Gastón Nicolás Soffritti (born December 13, 1991) is an Argentine actor. He debuted as an actor at the age of 9 and has appeared in the series Floricienta, Patito Feo, Sueña Conmigo and Graduados.

Biography
Soffritti's first work was in the telenovela Yago, pasión Morena. He was then aged 9 and was selected from 1,500 children seeking to join the cast. He played the cousin of Facundo Arana's character. Beset with acting commitments, he received his education at five different schools.

He became famous as the lead male actor of the teen drama Patito Feo. The successful telenovela lasted for two seasons.

In an attempt to escape the teen drama genre, Soffritti worked in Graduados.
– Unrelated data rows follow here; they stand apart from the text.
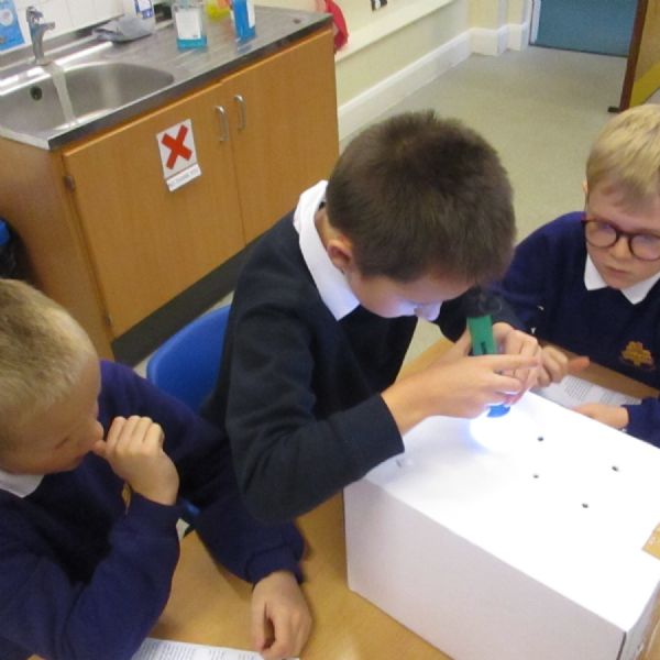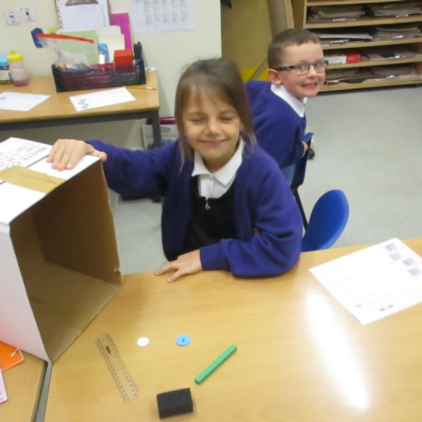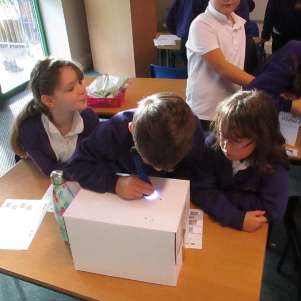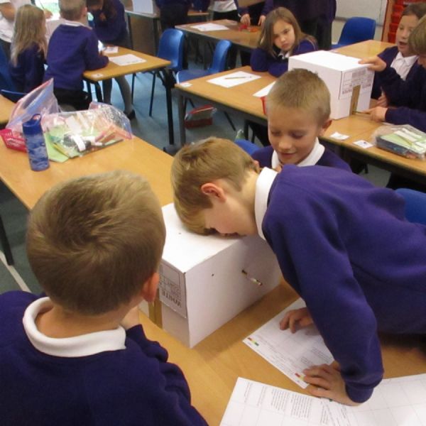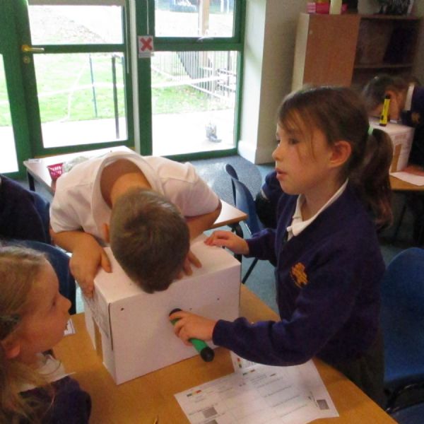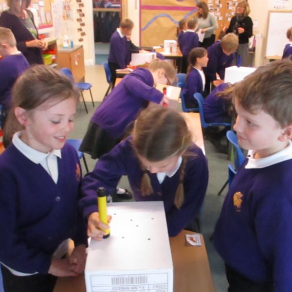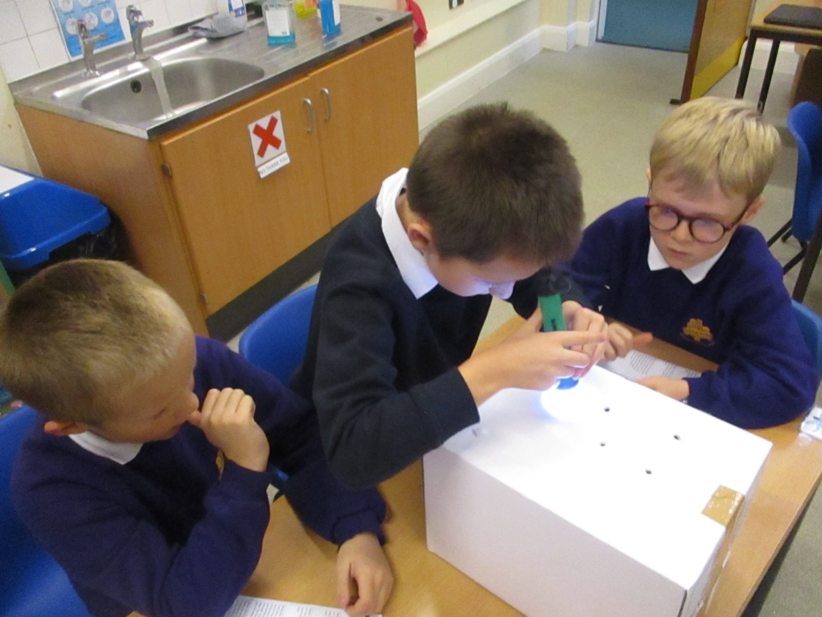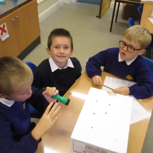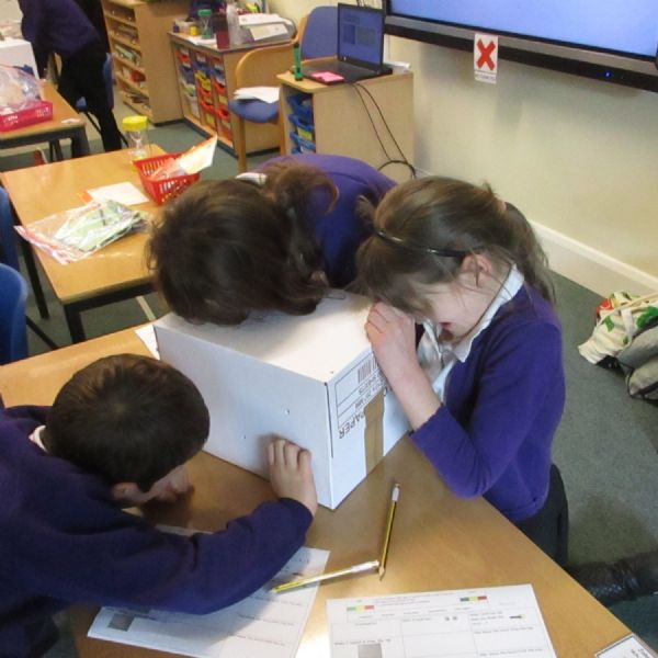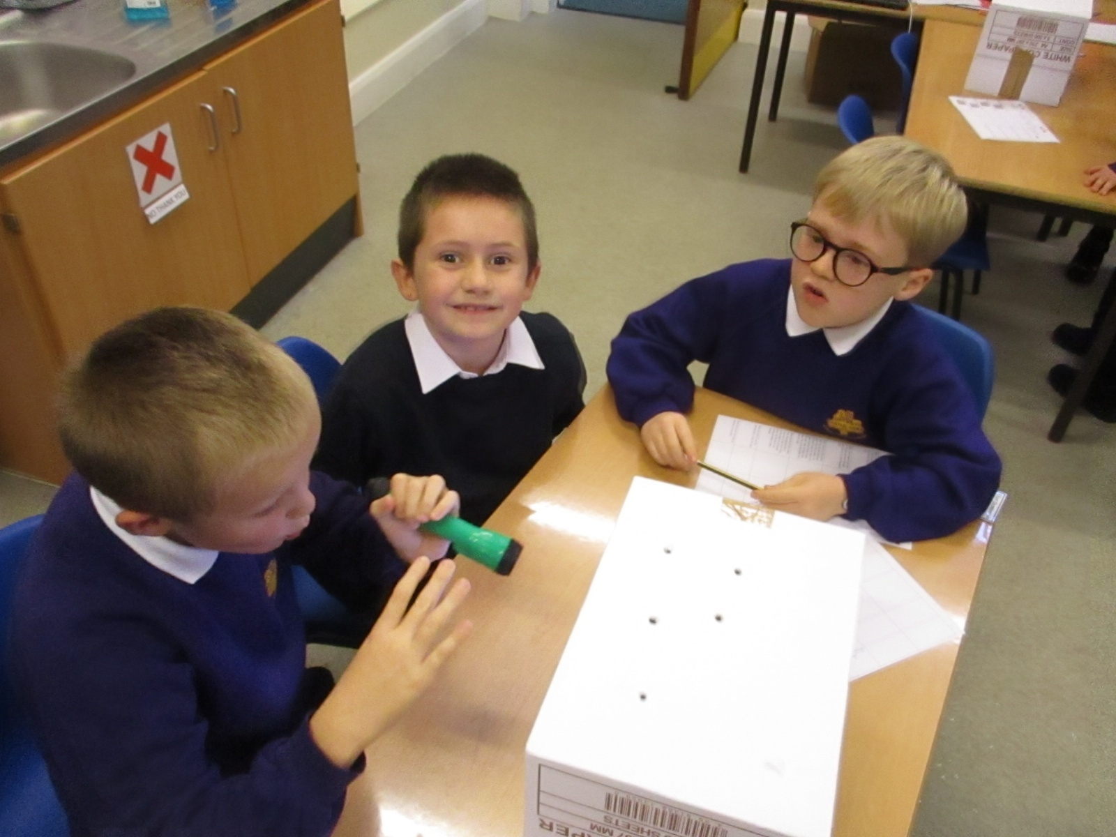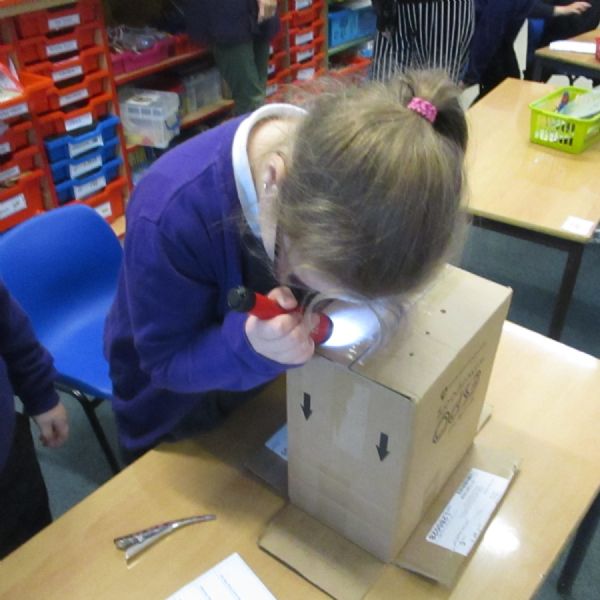 In our groups we chose 5 objects and put them under a box. We poked holes in the top with a pencil to see if we could see the objects through them and then put more holes in the side.
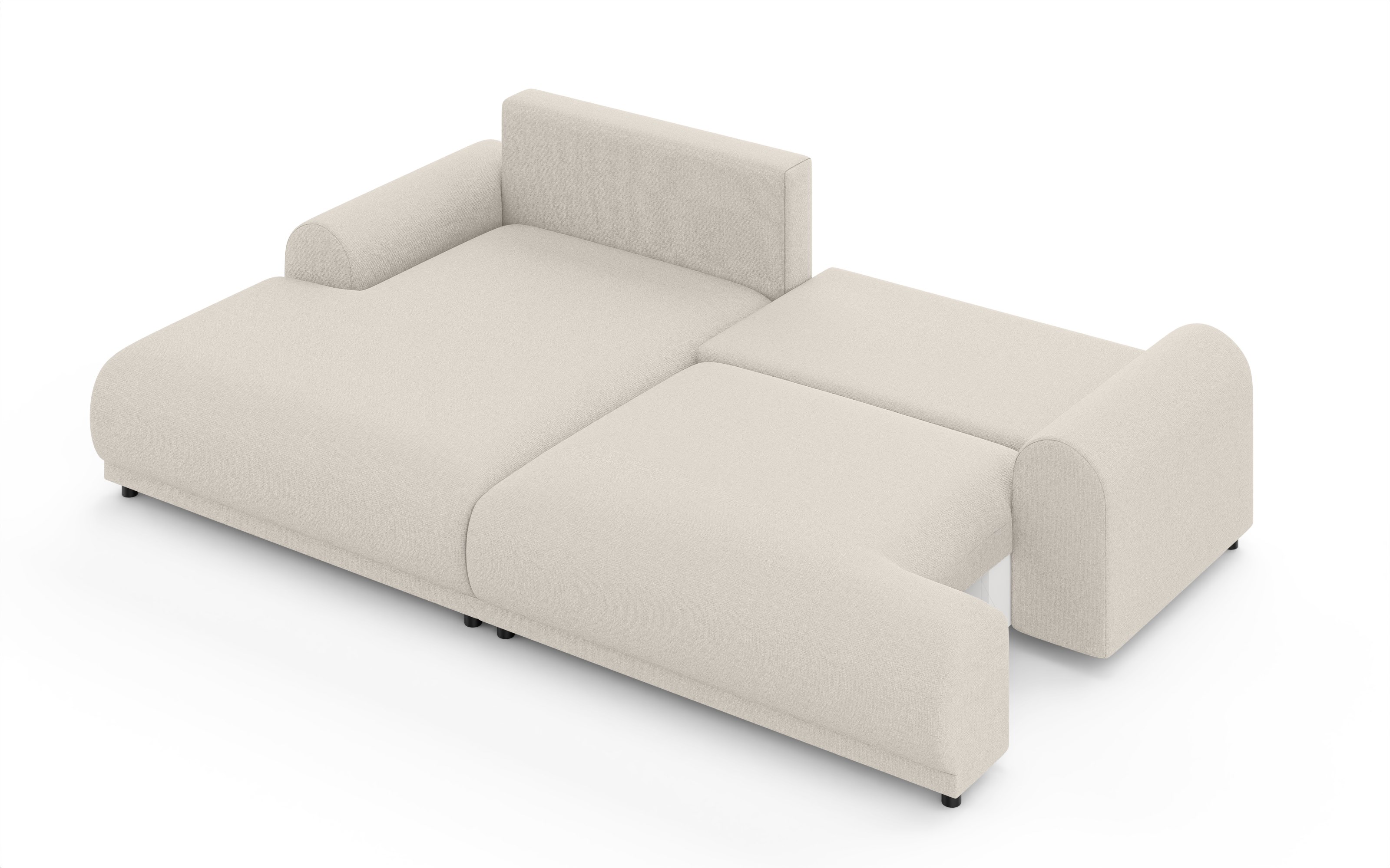 Fundamentem narożnika jest niezwykle solidna konstrukcja. Połączenie litego drewna, sklejki oraz wytrzymałych płyt (wiórowej, MDF oraz HDF) sprawia, że szkielet jest sztywny i odporny na upływ czasu. Wypełnienie mebla stanowi wysokoelastyczna pianka poliuretanowa, która znajduje się zarówno w siedzisku, jak i w oparciu. Zapewnia ona idealne podparcie kręgosłupa i dopasowuje się do sylwetki, gwarantując miękkość bez efektu zapadania się. Dużym atutem jest zintegrowana funkcja spania – prosty mechanizm pozwala w kilka chwil przekształcić strefę relaksu w pełnowymiarowe miejsce do noclegu. Wewnątrz bryły ukryto także pojemny schowek na pościel, co pozwala na sprytne zarządzanie przestrzenią w salonie i przechowywanie tekstyliów w zasięgu ręki.
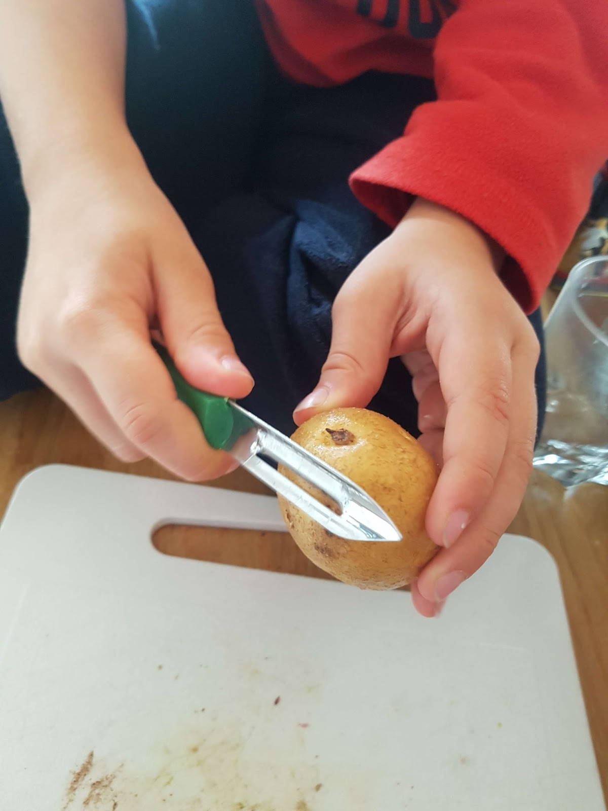 Mine de rien il faut du temps pour expliquer comment tenir la patate en main et le couteau et tous les appuis ! (n’appelez pas le JAF ou la DASS… nous nous sommes arrêté à une épluchure le temps de lui apprendre à tenir la patate, l’econome et sentir les appuis pour l’eplucher)

He received the proposal while making a short production for América 2. To design his character he had interviews with all the other actors who played roles linked with it; this included most of the cast because his character was a nexus between the two families of the plot, the firm and the school. He praised the actress Nancy Dupláa, who played his mother in the fiction.

In 2013, it was reported that he would be a member of the cast of Vecinos en guerra, a telenovela produced by Underground, along Mike Amigorena and Mónica Antonopulos. His character in the fiction was to be a young thief, a contrast to the character he played in Graduados.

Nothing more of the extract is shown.